Logically, it makes no sense. The ancient creature of death vs. his human servant. One is obviously more frightening than the other. And yet…. Slender Man no longer frightens me. What can he do to me? Kill me, or destroy my mind. He can’t destroy my mind unless I give in to fear. And I can’t give into fear unless I become afraid of him killing me. Once one stops caring about their life, it becomes an easy cycle to break.
Javert, though. He can do more than kill me, or drive me insane. He can make me lose. With Slender Man, it isn’t a question of winning or losing. There’s no competition; it’s like challenging a hurricane. He’s a force, not an opponent. But Javert, Javert is a human. And a human is something you can challenge. A human is something you should be able to defeat. Yet for all our encounters, not once have I gotten a victory over the man. Even the moments where I think I have won for sure, he steals a psychological victory from me at the last moment.
It doesn’t make sense.
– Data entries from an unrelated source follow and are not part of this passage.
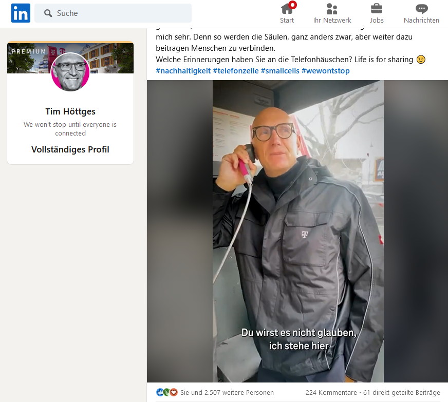 Unser PR-Tipp: Bauen Sie Videos in die CEO-Kommunikation ein! Umfragen zeigen: Von CEOs wird erwartet, dass sie sich zu gesellschaftskritischen Themen äußern (Edelman Trust Barometer 2023). Das ist relevant für das Vertrauen in die Firma und in die Wirtschaft allgemein. CEOs können in Videos Stellung beziehen und den Werten des Unternehmens ein glaubwürdiges Gesicht geben. Der Champion unter den Corporate Influencern in Deutschland, Tim Höttges von der Telekom, zeigt auch Humor: Mit dem letzten Anruf aus einer Telefonzelle signalisiert er die Fortschritte in der Vernetzung.
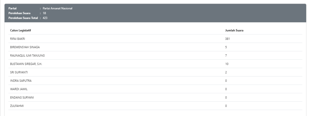 • Kandidat dengan Suara Terbanyak: Rifai Bakri (381 suara), diikuti oleh Bustamin Siregar, S.H. (10 suara).
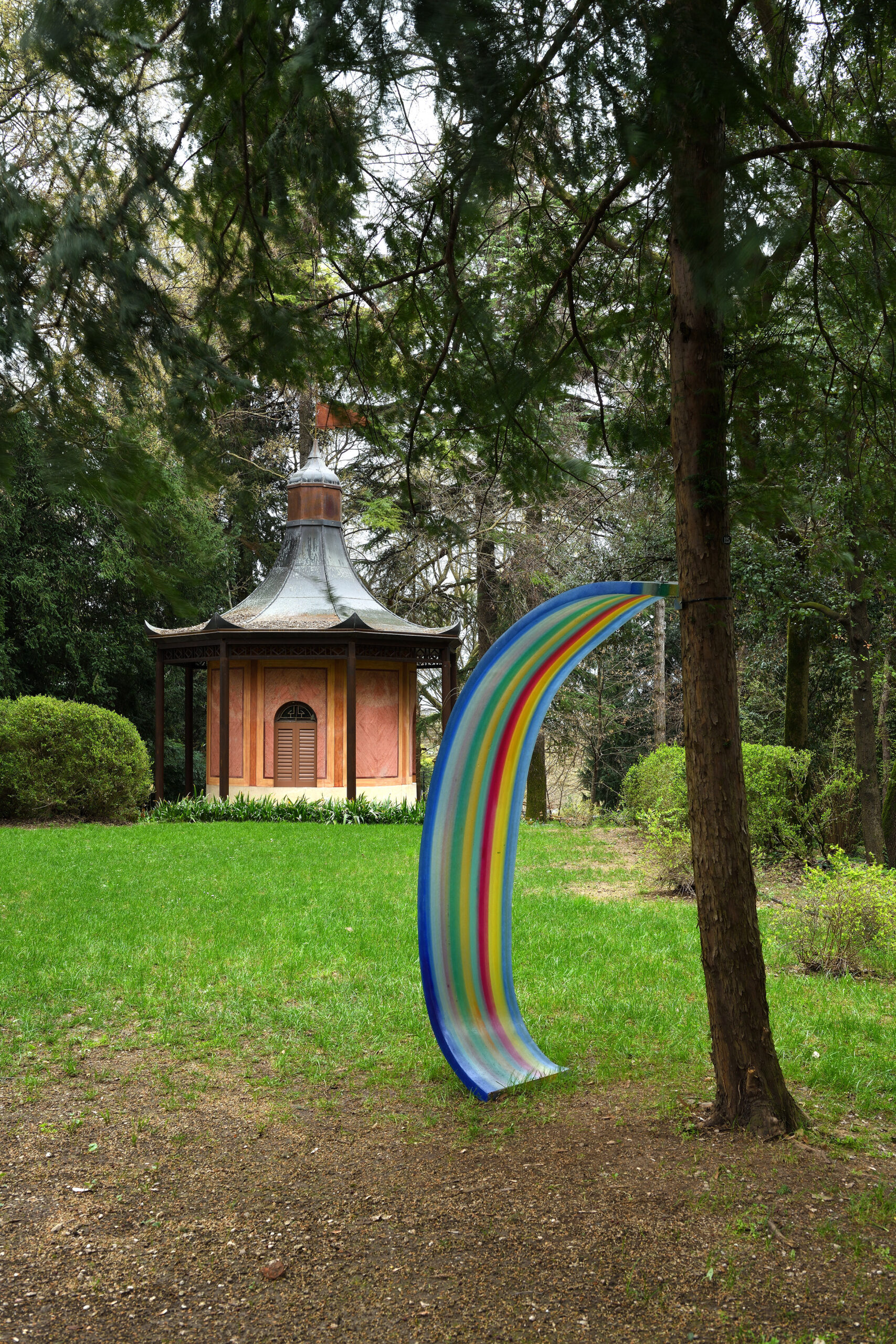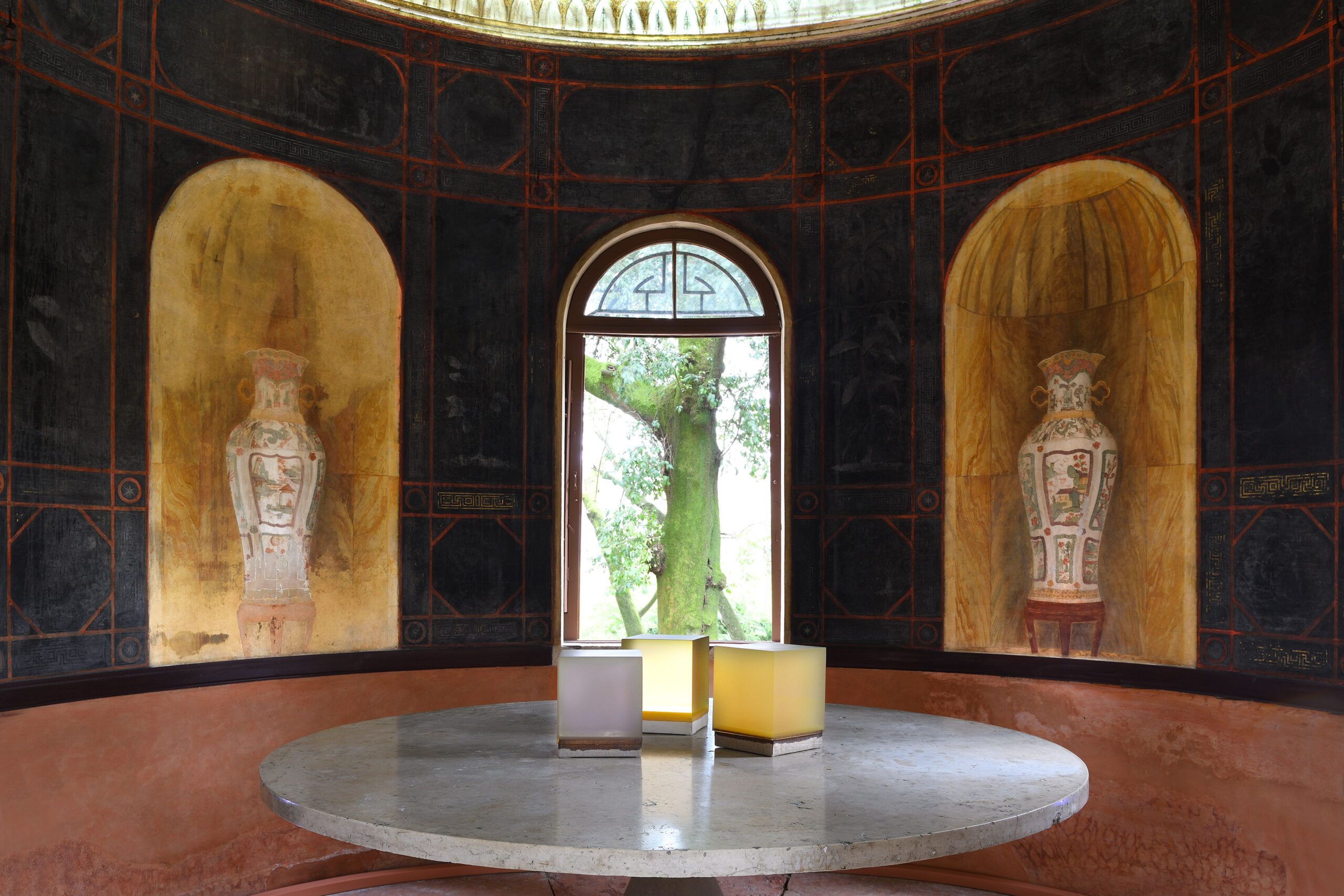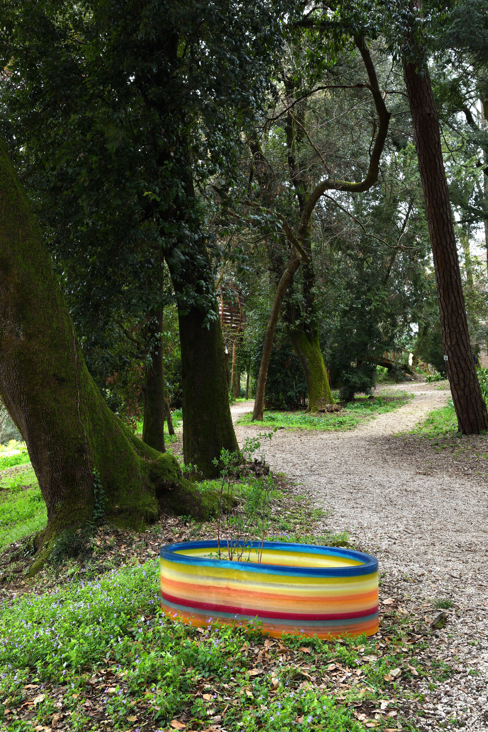 Aperto al pubblico nel 2025 dopo tre secoli, il Bosco amplia il complesso storico della Villa offrendo un percorso tra biodiversità e paesaggio. Qui si inseriscono le opere di Hamak: forme geometriche in resina e pigmento – blocchi, colonne e cubi – che non imitano la natura ma ne interpretano i processi.
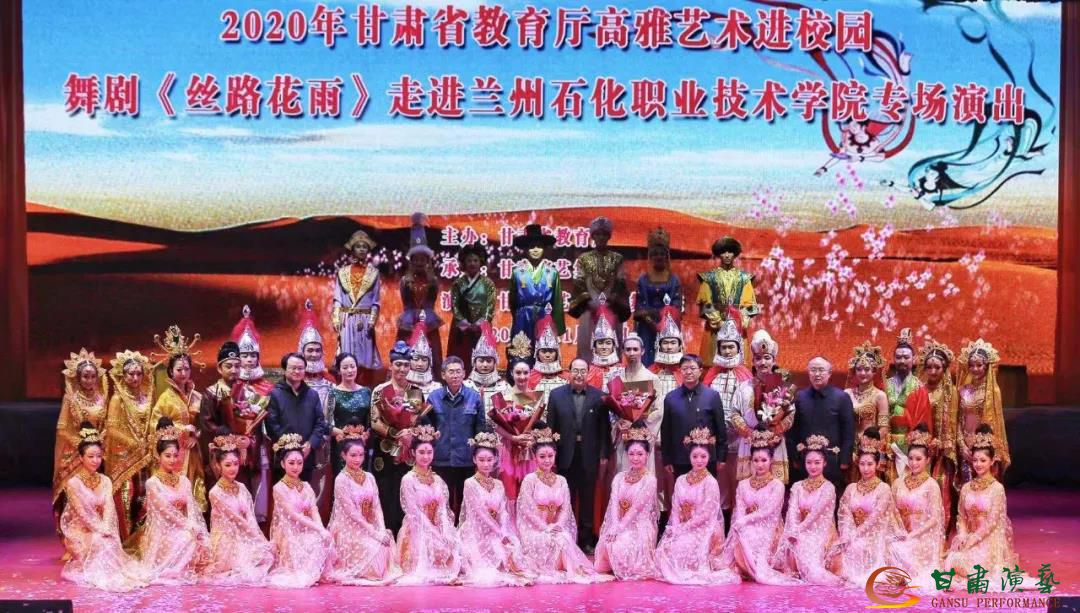 當(dāng)日晚上,甘肅演藝集團(tuán)歌舞劇院的舞蹈演員們用精湛的表演將被譽(yù)為“東方的《天鵝湖》”的中國(guó)經(jīng)典舞劇《絲路花雨》在蘭州石化職業(yè)技術(shù)學(xué)院完美再現(xiàn)。獨(dú)創(chuàng)的“S”形舞姿,親密無(wú)間的父女情結(jié),感人至深的中外人民友誼讓廣大師生既領(lǐng)略到敦煌文化博大精深,又感受到古絲綢之路的文化基因,在增強(qiáng)民族自豪感的同時(shí),堅(jiān)定了文化自信。精妙絕倫的表演扣人心弦,謝幕環(huán)節(jié)一浪高過一浪的掌聲和歡呼聲將氣氛推向最高潮。
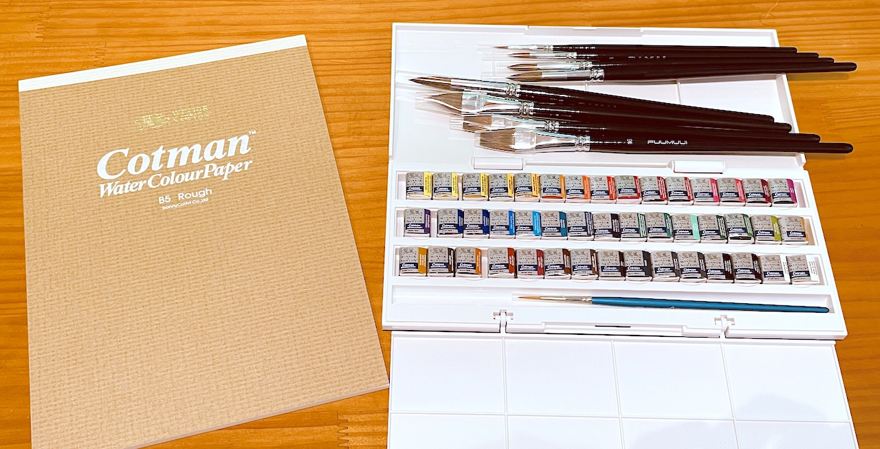 水彩絵具と筆は「Winsor & Newton 水彩絵具 40色セット」と「水彩画筆 8本セット」です。これで一通りのものが揃いました。
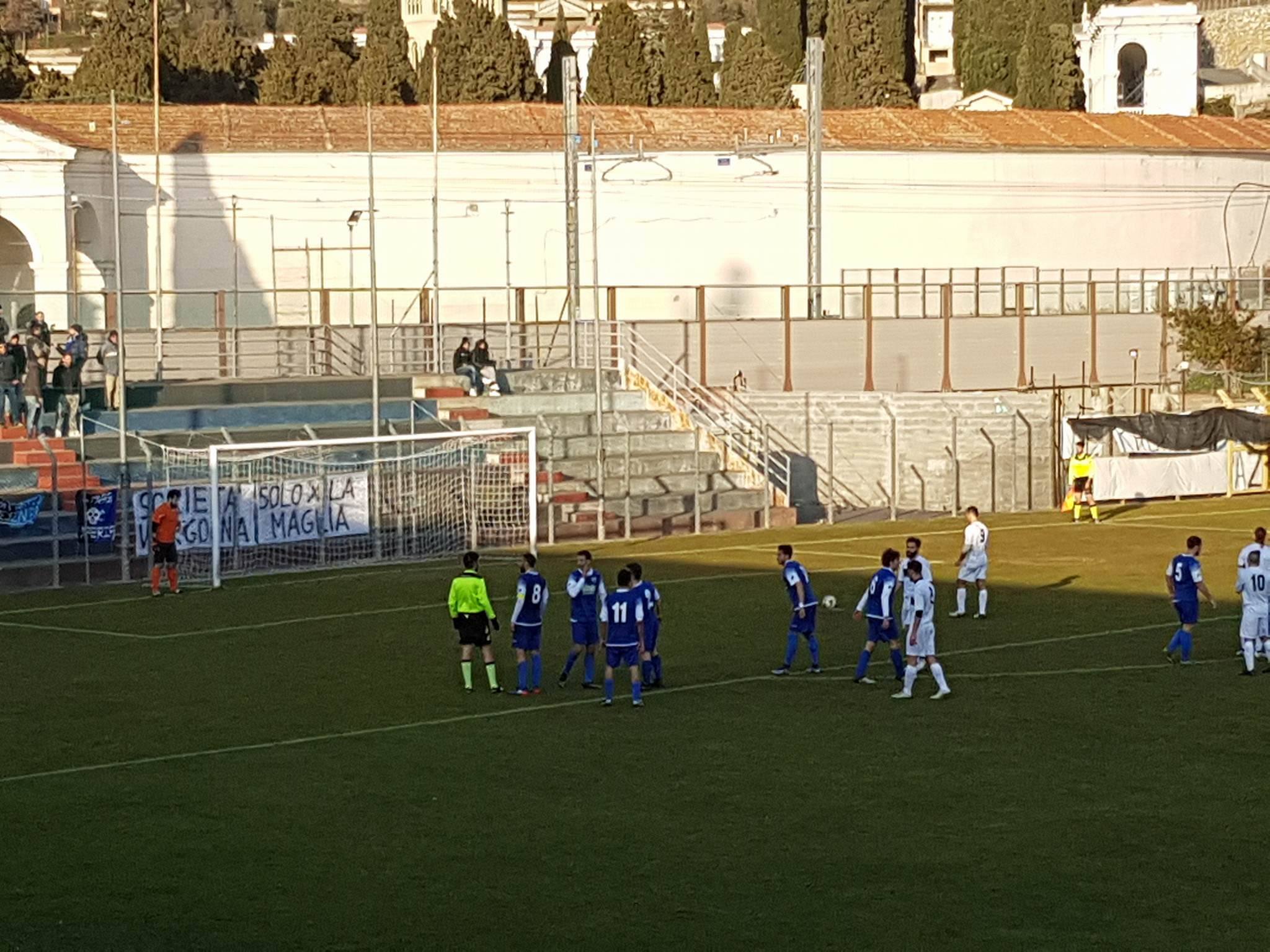 7′ OCCASIONE VALDIVARA 5 TERRE. Cuccolo prova il cross ma viene intercettato dai difensori dell’Imperia.
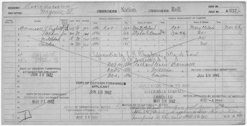 | Keywords: Enrollment for Cherokee Census Card D237 - NARA - 251985.tif Local identifier 75-53A-CHEROKEE D237 Department of the Interior Office of Indian Affairs Office of the Commissioner to the Five Civilized Tribes 1893 - 1914 NARA's Southwest Region Fort Worth NRFA 1400 John Burgess Drive Fort Worth TX 76140 Record group Record Group 75 Records of the Bureau of Indian Affairs 1793 - 1999 Record group ARC 404 Enrollment Cards compiled 1898 - 1914 Series ARC 251747 Variant control numbers NAIL Control Number NRFF-75-53A-1114<br /> NAIL Control Number NRFF-75-53A-1115<br /> NAIL Control Number NRFF-75-53A-1116<br /> NAIL Control Number NRFF-75-53A-1117<br /> NAIL Control Number NRFF-75-53A-1118<br /> NAIL Control Number NRFF-75-53A-3883<br /> NAIL Control Number NRFF-75-53A-3886<br /> NAIL Control Number NRFF-75-53A-CHEROKEE D237 General notes Scope and content Name Carleton Barnwell Type Doubtful Age 12 Sex Male Degree Indian Blood 1/64 City of Residence Wagoner Name Elizabeth S Barnwell Type Doubtful Age 43 Sex Female Degree Indian Blood 1/32 City of Residence Wagoner Name Middleton Barnwell Type Doubtful Age 18 Sex Male Degree Indian Blood 1/64 City of Residence Wagoner Name Stephen Barnwell Type Doubtful Age 20 Sex Male Degree Indian Blood 1/64 City of Residence Wagoner Name Stephen E Barnwell Type Parent Sex Male Name George W Cleland Type Parent Sex Male Name Mary Cleland Type Parent Sex Female File unit File unit ARC yes <gallery> File Enrollment_for_Cherokee_Census_Card_D237_-_NARA_-_251985 tif tif File Enrollment_for_Cherokee_Census_Card_D237_-_NARA_-_251985 jpg jpg </gallery> NARA-cooperation PD-USGov Cherokee census cards NARA TIF images with categorized JPGs |

How can he keep beating me? He’s a slave to that thing; I’m a free man. He’s held back by his desire to protect his family and those close to him; I have no one I need to protect. He is chained by a sense of justice, admittedly a sense skewed by his master; I have no such beliefs preventing me from achieving my goals. I should be able to crush him like all the other pathetic humans I have encountered. Why does he keep winning?